*** Opening Input for this task ***

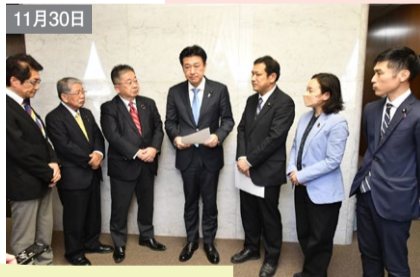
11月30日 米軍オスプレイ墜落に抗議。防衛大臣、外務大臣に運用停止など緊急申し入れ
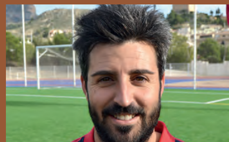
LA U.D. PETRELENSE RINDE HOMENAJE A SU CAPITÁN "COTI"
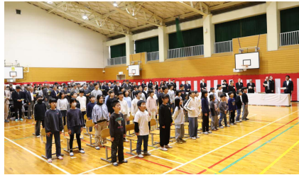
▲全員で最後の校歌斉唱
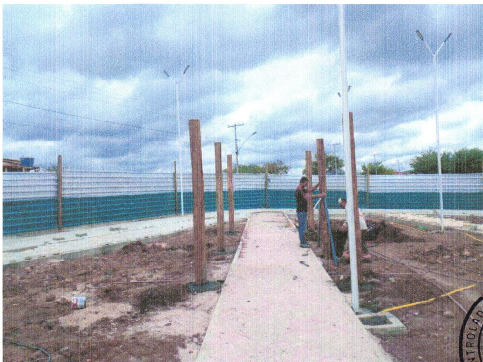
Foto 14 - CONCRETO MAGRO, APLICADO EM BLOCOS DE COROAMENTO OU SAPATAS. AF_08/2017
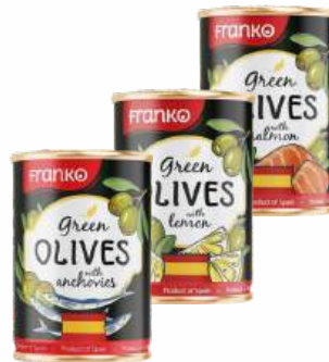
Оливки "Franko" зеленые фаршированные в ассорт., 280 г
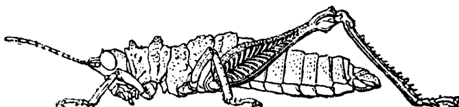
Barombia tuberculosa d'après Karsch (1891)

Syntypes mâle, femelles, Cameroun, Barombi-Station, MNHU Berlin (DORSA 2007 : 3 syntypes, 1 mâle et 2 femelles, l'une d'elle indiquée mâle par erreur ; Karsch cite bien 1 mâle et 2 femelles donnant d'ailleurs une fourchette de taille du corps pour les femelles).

*** Closing Input for this task ***
*** Opening Input for this task ***

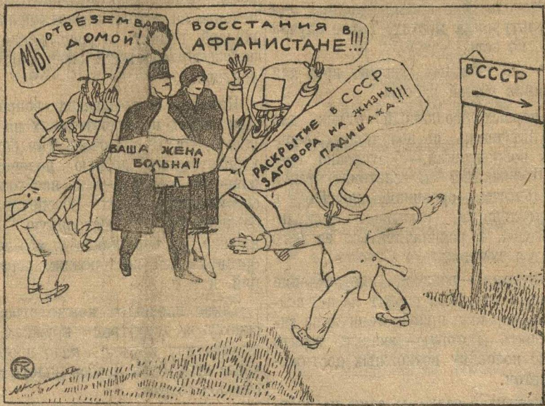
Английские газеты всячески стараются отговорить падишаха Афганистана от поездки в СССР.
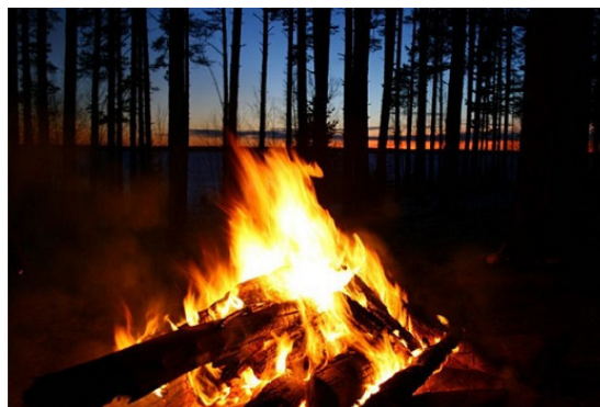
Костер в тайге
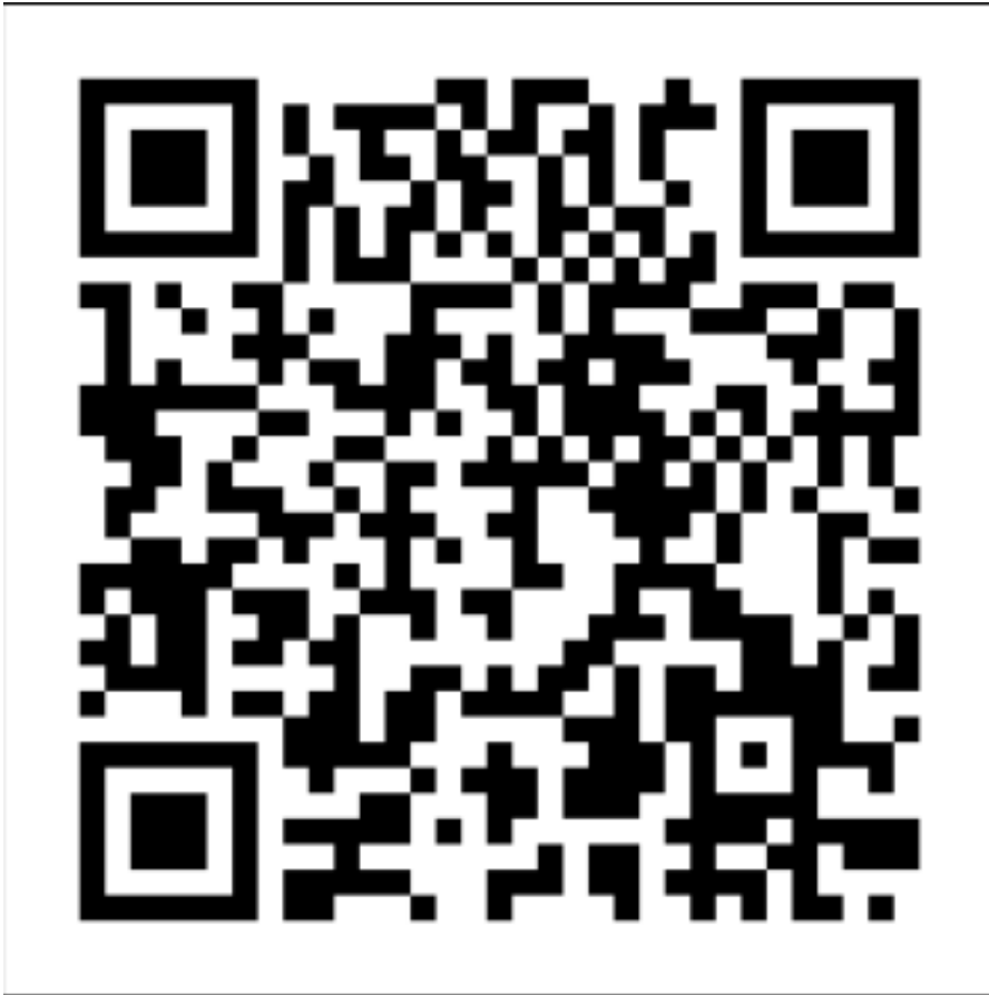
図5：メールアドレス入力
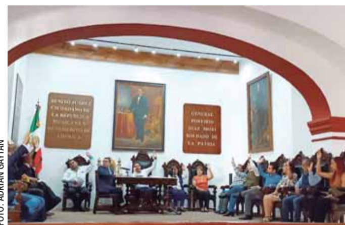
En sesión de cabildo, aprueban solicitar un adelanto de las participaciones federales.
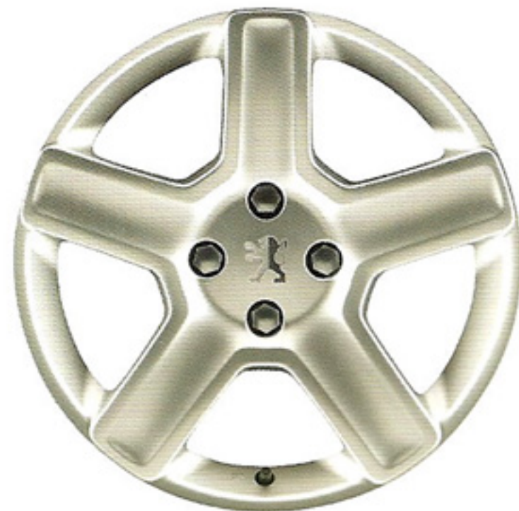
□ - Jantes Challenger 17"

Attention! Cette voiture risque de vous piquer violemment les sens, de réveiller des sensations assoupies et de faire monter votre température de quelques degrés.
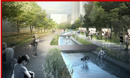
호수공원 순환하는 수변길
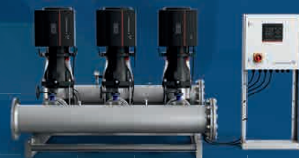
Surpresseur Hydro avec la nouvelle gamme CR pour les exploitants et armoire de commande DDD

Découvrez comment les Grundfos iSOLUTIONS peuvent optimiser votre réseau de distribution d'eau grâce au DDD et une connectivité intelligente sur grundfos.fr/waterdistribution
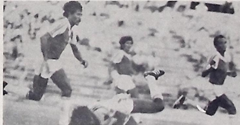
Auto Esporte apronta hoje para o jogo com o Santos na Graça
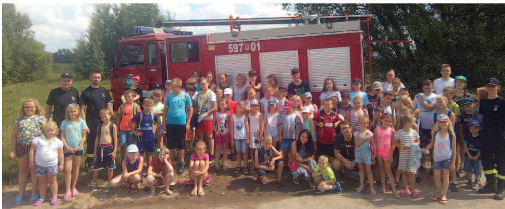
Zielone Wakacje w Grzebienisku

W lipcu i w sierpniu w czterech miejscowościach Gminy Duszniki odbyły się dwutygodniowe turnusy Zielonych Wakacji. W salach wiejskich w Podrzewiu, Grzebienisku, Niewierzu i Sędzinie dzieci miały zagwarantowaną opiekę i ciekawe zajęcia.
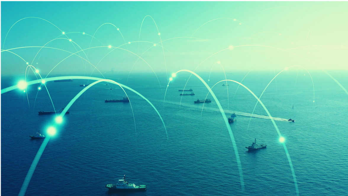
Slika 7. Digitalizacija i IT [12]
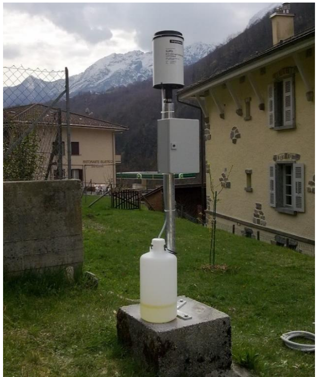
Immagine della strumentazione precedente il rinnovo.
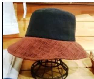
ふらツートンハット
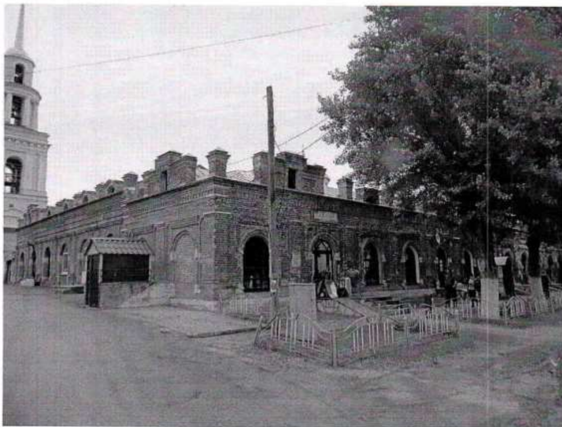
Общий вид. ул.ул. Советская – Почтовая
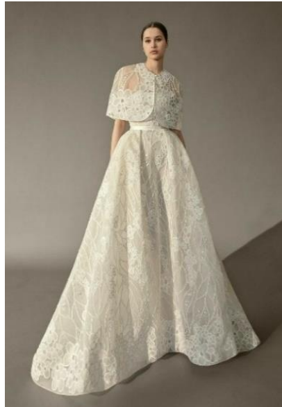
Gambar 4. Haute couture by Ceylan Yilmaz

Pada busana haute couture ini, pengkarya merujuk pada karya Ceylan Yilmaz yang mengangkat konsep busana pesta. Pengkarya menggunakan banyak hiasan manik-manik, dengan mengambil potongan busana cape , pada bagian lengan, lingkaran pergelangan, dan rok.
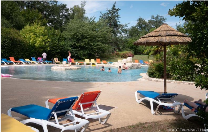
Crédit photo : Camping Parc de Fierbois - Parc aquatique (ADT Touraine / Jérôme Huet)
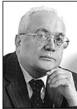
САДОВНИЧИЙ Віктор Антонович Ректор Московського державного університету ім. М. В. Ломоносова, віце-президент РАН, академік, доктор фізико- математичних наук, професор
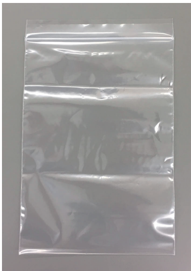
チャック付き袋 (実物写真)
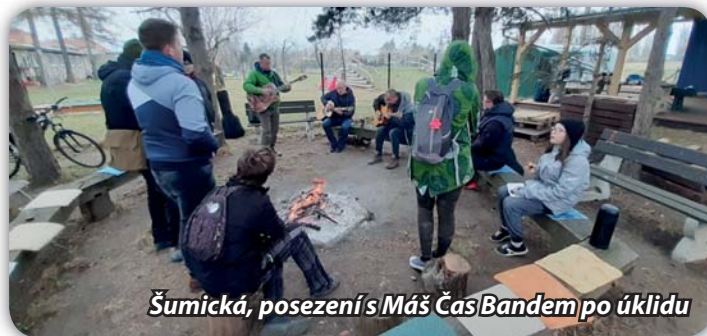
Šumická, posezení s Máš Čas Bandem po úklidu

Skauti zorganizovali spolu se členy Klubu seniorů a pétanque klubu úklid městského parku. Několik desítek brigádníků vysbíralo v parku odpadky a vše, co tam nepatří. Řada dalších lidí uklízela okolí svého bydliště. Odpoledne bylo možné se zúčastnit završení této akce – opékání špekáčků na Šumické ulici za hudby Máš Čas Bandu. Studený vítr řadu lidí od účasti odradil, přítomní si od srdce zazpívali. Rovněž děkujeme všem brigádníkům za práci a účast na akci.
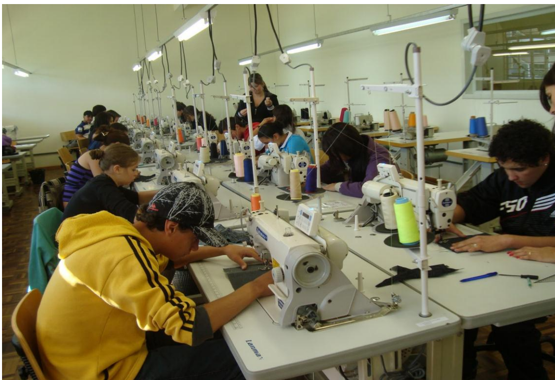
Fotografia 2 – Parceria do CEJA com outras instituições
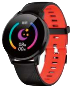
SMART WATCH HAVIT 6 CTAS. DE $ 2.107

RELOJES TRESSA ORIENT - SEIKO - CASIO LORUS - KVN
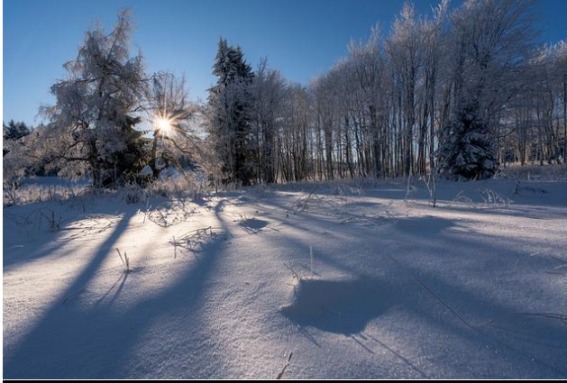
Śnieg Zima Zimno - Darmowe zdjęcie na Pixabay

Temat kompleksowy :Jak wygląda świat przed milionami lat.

*** Closing Input for this task ***
*** Opening Input for this task ***

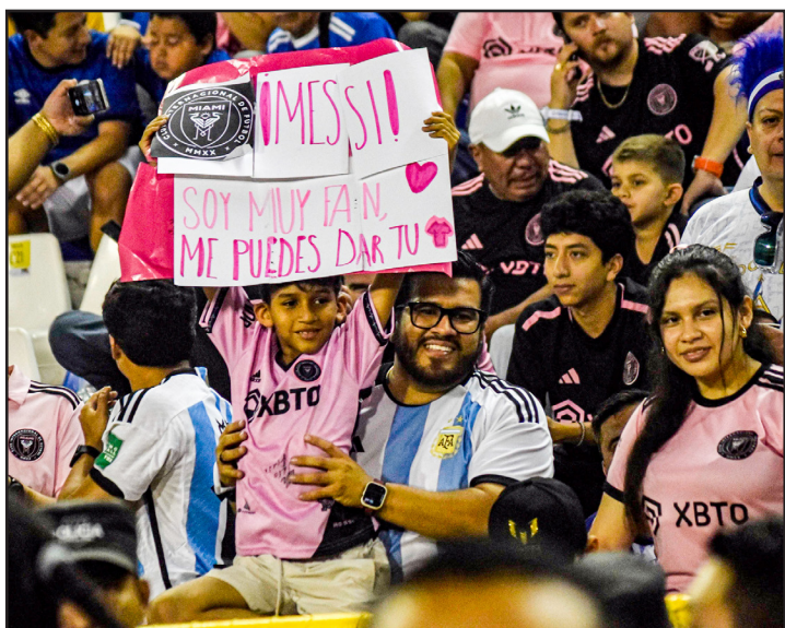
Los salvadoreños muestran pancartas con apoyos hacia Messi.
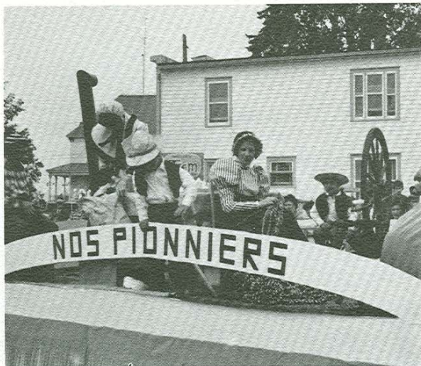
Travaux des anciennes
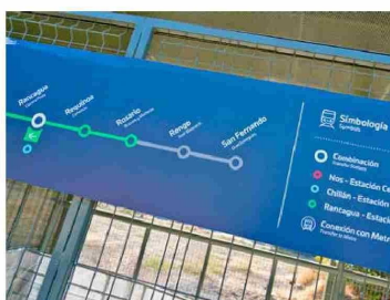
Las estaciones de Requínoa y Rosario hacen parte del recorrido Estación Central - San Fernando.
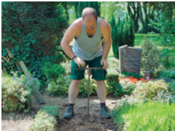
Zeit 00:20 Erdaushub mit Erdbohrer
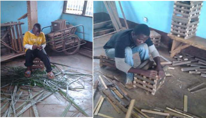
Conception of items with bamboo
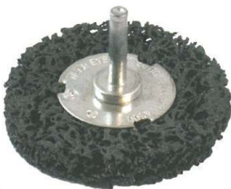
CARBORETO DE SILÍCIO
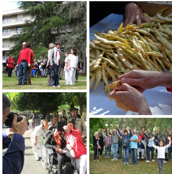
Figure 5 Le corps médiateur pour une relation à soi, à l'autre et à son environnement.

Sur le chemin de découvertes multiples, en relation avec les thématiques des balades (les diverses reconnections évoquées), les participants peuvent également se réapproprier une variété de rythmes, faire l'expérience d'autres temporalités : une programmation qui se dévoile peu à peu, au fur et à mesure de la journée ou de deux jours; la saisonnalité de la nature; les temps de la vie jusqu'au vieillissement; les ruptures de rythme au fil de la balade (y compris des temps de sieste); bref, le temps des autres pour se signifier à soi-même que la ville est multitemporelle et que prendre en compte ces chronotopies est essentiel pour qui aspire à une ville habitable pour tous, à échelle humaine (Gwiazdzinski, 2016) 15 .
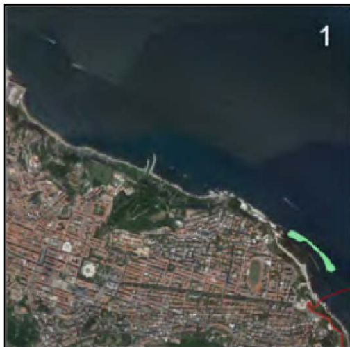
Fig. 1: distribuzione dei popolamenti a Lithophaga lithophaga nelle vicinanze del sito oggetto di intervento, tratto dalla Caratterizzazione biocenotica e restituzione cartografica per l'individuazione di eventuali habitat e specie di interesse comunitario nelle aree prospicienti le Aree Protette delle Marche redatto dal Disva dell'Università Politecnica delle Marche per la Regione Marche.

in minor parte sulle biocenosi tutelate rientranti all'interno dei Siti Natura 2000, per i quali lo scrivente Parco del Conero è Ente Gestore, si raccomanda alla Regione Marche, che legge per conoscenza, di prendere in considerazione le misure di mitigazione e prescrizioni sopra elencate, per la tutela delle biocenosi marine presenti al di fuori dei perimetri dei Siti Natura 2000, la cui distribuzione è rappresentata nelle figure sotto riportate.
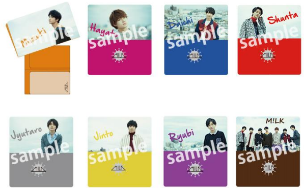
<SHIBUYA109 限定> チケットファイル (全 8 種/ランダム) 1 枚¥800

*** Closing Input for this task ***

- What is expected: From the records above, copy only the lines running from the line containing "- Jantes Challenger" to the line containing "チャック付き袋 (実物写真)", both ends included. Leave the pictures out.

- Exercise answer:
□ - Jantes Challenger 17"

Attention! Cette voiture risque de vous piquer violemment les sens, de réveiller des sensations assoupies et de faire monter votre température de quelques degrés.
호수공원 순환하는 수변길
Surpresseur Hydro avec la nouvelle gamme CR pour les exploitants et armoire de commande DDD

Découvrez comment les Grundfos iSOLUTIONS peuvent optimiser votre réseau de distribution d'eau grâce au DDD et une connectivité intelligente sur grundfos.fr/waterdistribution
Auto Esporte apronta hoje para o jogo com o Santos na Graça
Zielone Wakacje w Grzebienisku

W lipcu i w sierpniu w czterech miejscowościach Gminy Duszniki odbyły się dwutygodniowe turnusy Zielonych Wakacji. W salach wiejskich w Podrzewiu, Grzebienisku, Niewierzu i Sędzinie dzieci miały zagwarantowaną opiekę i ciekawe zajęcia.
Slika 7. Digitalizacija i IT [12]
Immagine della strumentazione precedente il rinnovo.
ふらツートンハット
Общий вид. ул.ул. Советская – Почтовая
Gambar 4. Haute couture by Ceylan Yilmaz

Pada busana haute couture ini, pengkarya merujuk pada karya Ceylan Yilmaz yang mengangkat konsep busana pesta. Pengkarya menggunakan banyak hiasan manik-manik, dengan mengambil potongan busana cape , pada bagian lengan, lingkaran pergelangan, dan rok.
Crédit photo : Camping Parc de Fierbois - Parc aquatique (ADT Touraine / Jérôme Huet)
САДОВНИЧИЙ Віктор Антонович Ректор Московського державного університету ім. М. В. Ломоносова, віце-президент РАН, академік, доктор фізико- математичних наук, професор
チャック付き袋 (実物写真)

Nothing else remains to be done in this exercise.